Часто в избе на печи лежат дедка с бабкой, они и сами не промах повошкаться в сумерках, особенно в долгие зимние вечера. Слышали, как бабка, бывало, ворчит: «Куды, да отстань, охальник. Да, куды ж ты! Ох, царица небесная, прости нас, Христа ради». А дед одно: «А чё, мать, поскребём по сусекам, глядишь, и колобок замесится». А в избе, вдоль по лавкам, трое, а то и все четверо детишек эти страсти на свой лад под одеялом шепотом пересказывают. И что характерно, всегда подсмеиваются над дедом, как он карячится с ломотой в костях, со старыми ранами, ещё и головой потолок подпирает. Бабка – дело святое, она всегда вроде, как бы, не при чем, её всегда к пострадавшей стороне относили. Или ещё: только полная бестолочь не догадывается когда отец с мамкой затевают шепот и пыхтеть начинают, – благое дело всегда на виду, как не старайся его укрыть. Бывало что в азарте, и одеяло сползет, и спинка у кровати отскочит, а отец нипочем не остановится, доказывает, что он сейчас главнее. Но смешнее всего, когда они губами друг дружке в губы вцепятся, это чтобы с кровати не свалиться, что ли… Аж до крови бывало губы себе трепали. Умора!
А тут… черте что! Ваня никогда еще не видел, чтобы вот так, по-скотски, чужой дядька Федор его родную тётку Нюрку «шкворил», как кобель сучку! «А если они склещатся! Он её на своем «шкворне» по улице будет тащить, да? Умора! Над собаками народ и то смеётся, а тут… ой-ёй! А еще мама Марфа сказала, что эта шалава его родная мать. Не. ет, Нюрка не моя мамка!»

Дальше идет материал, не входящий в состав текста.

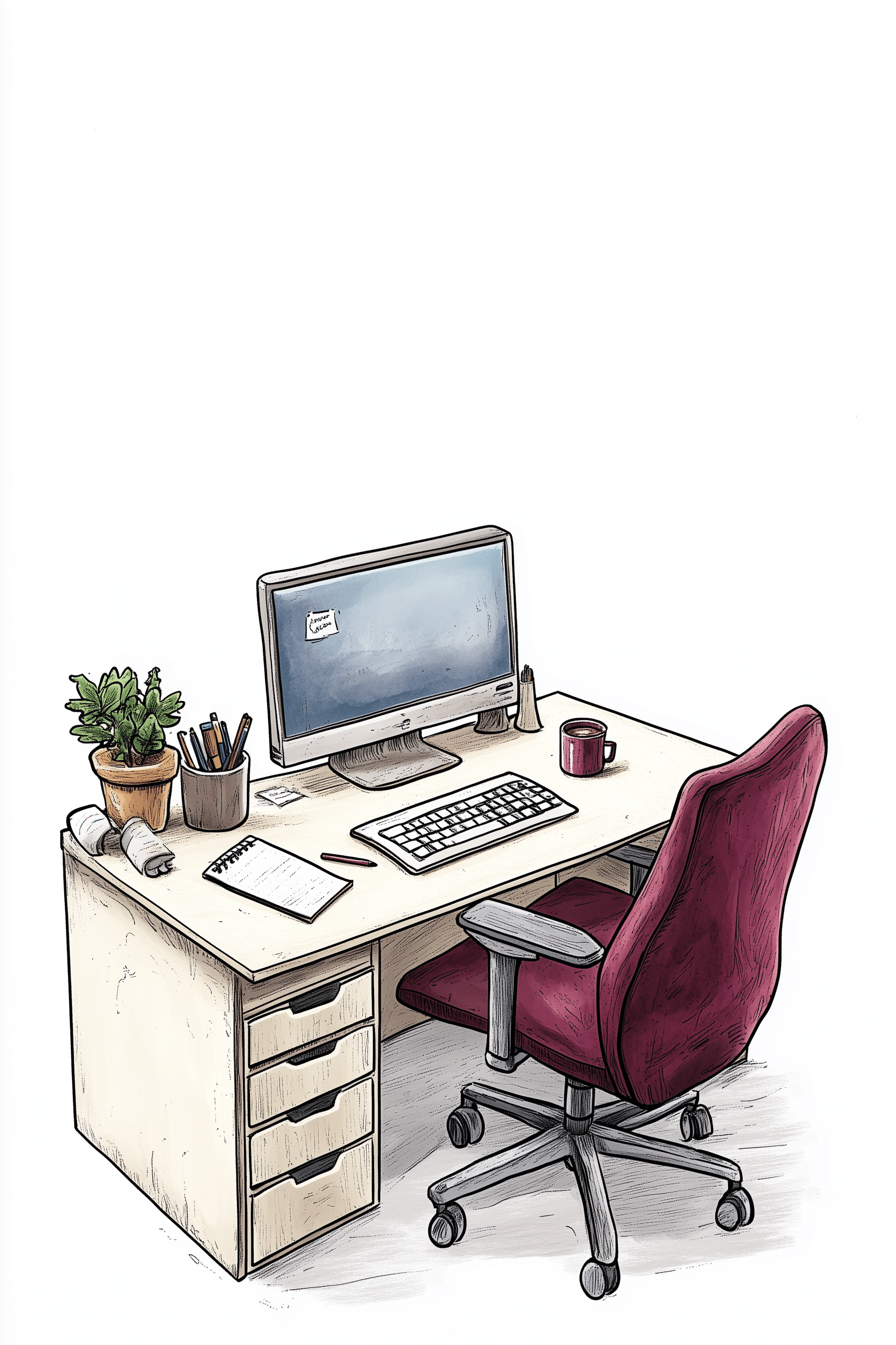 This image showcases a warm and inviting office space with cream-colored walls and soft lighting. The decor is simple yet elegant, creating a calm and productive atmosphere.

Ваня был мальчик впечатлительный и от того что он увидел – у него закружилась голова. Он сел на землю и заснул.
Очнулся он от громких криков и от ощущения, что летает – то вверх, то вниз. Он приоткрыл глаза и увидел, что жена зоотехника, тетка Мария, вцепилась одной рукой и таскает за волосы голую тётку Нюрку, да ещё и пнуть старается посильней. Другой рукой ухватилась за рубаху Фёдора, чтобы не сбежал, и тоже старалась ногой попасть – куда-нибудь, побольней. А Федор одной рукой держал Ваню и прикрывался им от жены, другой поддерживал свои штаны, которые всё время падали. На крики сбежались соседские бабы и встали кружком, руки в боки, смеялись от души и подзадоривали, кто во что горазд, то подругу Маню, то кобеля Федора.

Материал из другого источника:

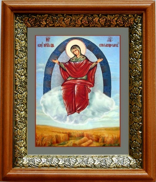 Икона спорительница хлебов (19х22), светлый киот. Лик нанесен методом шелкографии на цельную липовую доску, покрытую левкасом (специальным грунтом под живопись). Использованы минеральные (природные) краски. Размер иконы без киота (см): 13х16, с киотом: 19х22. Киот (рамка) выполнен из березы и украшен басмой (узор из черненой меди в виде виноградной лозы). Икона освящена.

– Бабоньки, так это же Нюрка, дочка Марфина! Явилась, сучка, без вести пропавшая, навоевалась.
– Ей в городе мужиков не хватило, да! Или там на таких не смотрят после войны?
– Федя, штаны не держи, брось их к чёртовой матери, мы и сами друг за дружкой раком встанем!

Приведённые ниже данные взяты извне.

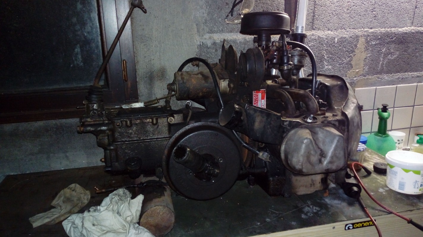 Aujourd'hui c'est bien une 2CV qui m'amène à vous. Une vieille dame de 1960. C'est une histoire de famille, mon beau-père a trouvé la dame endormie depuis 40 ans dans une grange et il s'occupe de la caisse et de la carrosserie. Je me retrouve donc avec un magnifique moteur 425 cm3 dans son jus dans mon garage. Me voici donc parti dans une restauration complète. Je me suis retrouvé de nombreuses fois à chercher des infos sur ce forum. Aujourd'hui j'ai besoin d'échanger sur certains sujets avec des passionnés et des experts. Je suis également prêt à partager mon expérience et apporter mon aide si je peux.

– Ну, гля, девки, у неё штоль, мандель поперёк, не как у нас, что он позарился!
– Манька, ты у этой прошмандовки волосья не токо на голове, но и по самому низу прореди, ишь, как раскучерявились!
– Никак завивку для завлечения сделала!
– Федька, тебе своих мало, кобелина! У наших баб, у каждой второй мужика убил немец. Мы тоже желаем за шкворень твой подержаться. Предатель ты, и враг народа, Сталина на тебя не хватает!